Rapid wastewater toxicity assay using whole cell biosensors

There is an urgent need for a rapid assay of potential toxicity of wastewaters and/or individual process streams to the active biomass in biological wastewater treatment plants (WTP). This can be provided by a whole cell biosensor system called CellSense which has been developed by Euroclone Limited, based upon an original R & D programme undertaken by a consortium incorporating the University of Luton, WRc plc, AstraZeneca , and the Environment Agency.

Full Description:


A biosensor comprises a biological component immobilised in intimate contact with a transducer which converts the biochemical signal into a quantifiable electrical signal. The electrical signal can subsequently be amplified, stored and displayed.

In a whole cell bacterial biosensor, a current can be obtained from bacteria by passively diverting electrons from the electron transport chain (ETC), the cells central metabolic pathway, which is common to all bacterial species. This is achieved by using chemicals, termed electron mediators, which aid current flow between the bacterial cell and the electrode. This system is therefore called a mediated whole cell biosensor.

This approach has been subsequently modified to allow the monitoring of the metabolic activity, via the ETC, of both pure or mixed cultures of bacterial cells. Work has shown that the current produced is proportional to the level of metabolic activity of the cells.

The biosensor uses physically immobilised, living bacterial cells in intimate contact with a disposable, electrode. Using the techniques developed, the metabolic activity of the cells can be continuously monitored for the duration of the experiment (up to 1 h). The effect of toxicants on the bacterial cells can therefore be assessed rapidly.

The “most sensitive single species” approach to organism selection for a rapid bioassay is not always appropriate, and the ultimate application often dictates the nature of the test organism to be used. Thus, in WTP protection, the most appropriate biological test material may be that which most closely resembles the plant’s indigenous microbial population, and the most important microbial community in a WTP is activated sludge.

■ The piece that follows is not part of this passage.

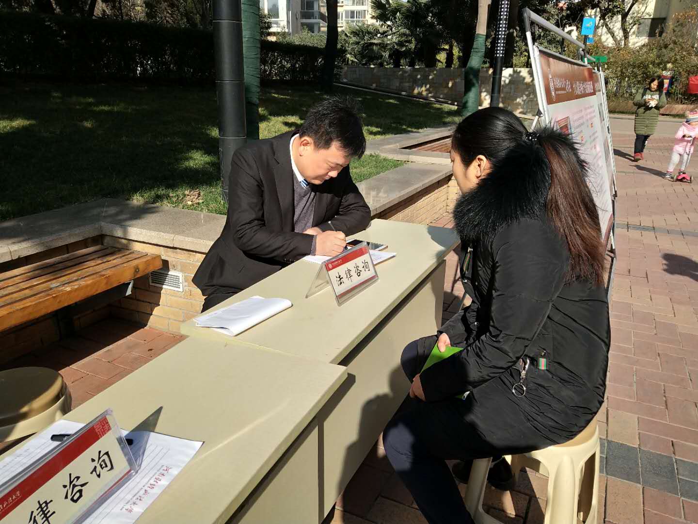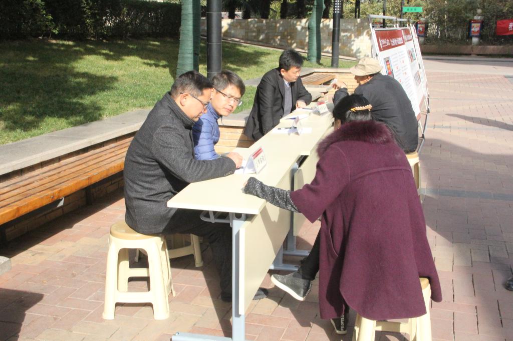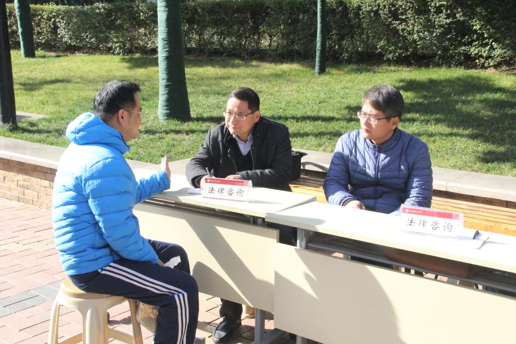 活动现场搭设了普法宣传展板,围绕十九大报告的法治新论述、国家五年来法制建设新成就、新修订《婚姻法》司法解释、防范民间借贷风险、防范网络诈骗法律知识以及公民依法履行赡养、抚养义务等八个板块进行了集中展示,学院师生党员热情地为居民们宣传讲解相关法律知识,社区居民纷纷驻足观看、聆听;学院明国正、张彩旗、鲍宛生三位老师还结合多年兼职从事律师工作经验,现场义务为社区居民解答财产纠纷、合同诈骗、公共资源使用等方面的法律问题,并提出了中肯的意见和建议。居民们对此次普法宣传和法律义务咨询活动赞赏有加,纷纷向师生们表示感谢。

Activated sludge is a mixture of motile, slime-forming and filamentous bacteria, protozoans, rotifers and higher invertebrates, and it is used in WTPs to remove inorganics and organics, or transform them into more environmentally acceptable forms.

Activated sludge from specific WTPs have been immobilised on electrodes to create biosensors.

Since the biomass used on the biosensor(s) are taken from the receiving WTP, the data obtained from testing industrial wastewaters will give an indication of the actual effect the wastewaters will have on the specific treatment plant.


A number of effluents have been assessed using both the biosensor and an activated sludge respiration inhibition test. There are a number of advantages associated with biosensor technology:

  • the biosensor gives a measurable response in seconds;
  • the biosensor is unaffected by both coloured and turbid samples;
  • 100% of an effluent can be tested – the biosensor is simply dipped into a sample and the effect is monitored;
  • the biosensor can incorporate biomass from the actual WTP that is ultimately to receive the effluent – the results therefore have a high degree of validity;
  • at present, up to 32 biosensors can be run simultaneously allowing either the generation of dose-response curves or the rapid assessment of 32 different samples;
  • the volume of sample required for testing need be no more than 5 ml.


Unlike other ecotoxicological tests which record the effect of a toxic shock after a single fixed period of time, the biosensor provides a near continuous monitor (measured at 4 second intervals) of the microbial activity following toxic shock. Thus from the data generated, inhibition is assessed using a hyperbolic transfer function to relate the biosensor response to the toxicant exposure. This uses the whole of the available data and allows the long term inhibition to be predicted from the short term response.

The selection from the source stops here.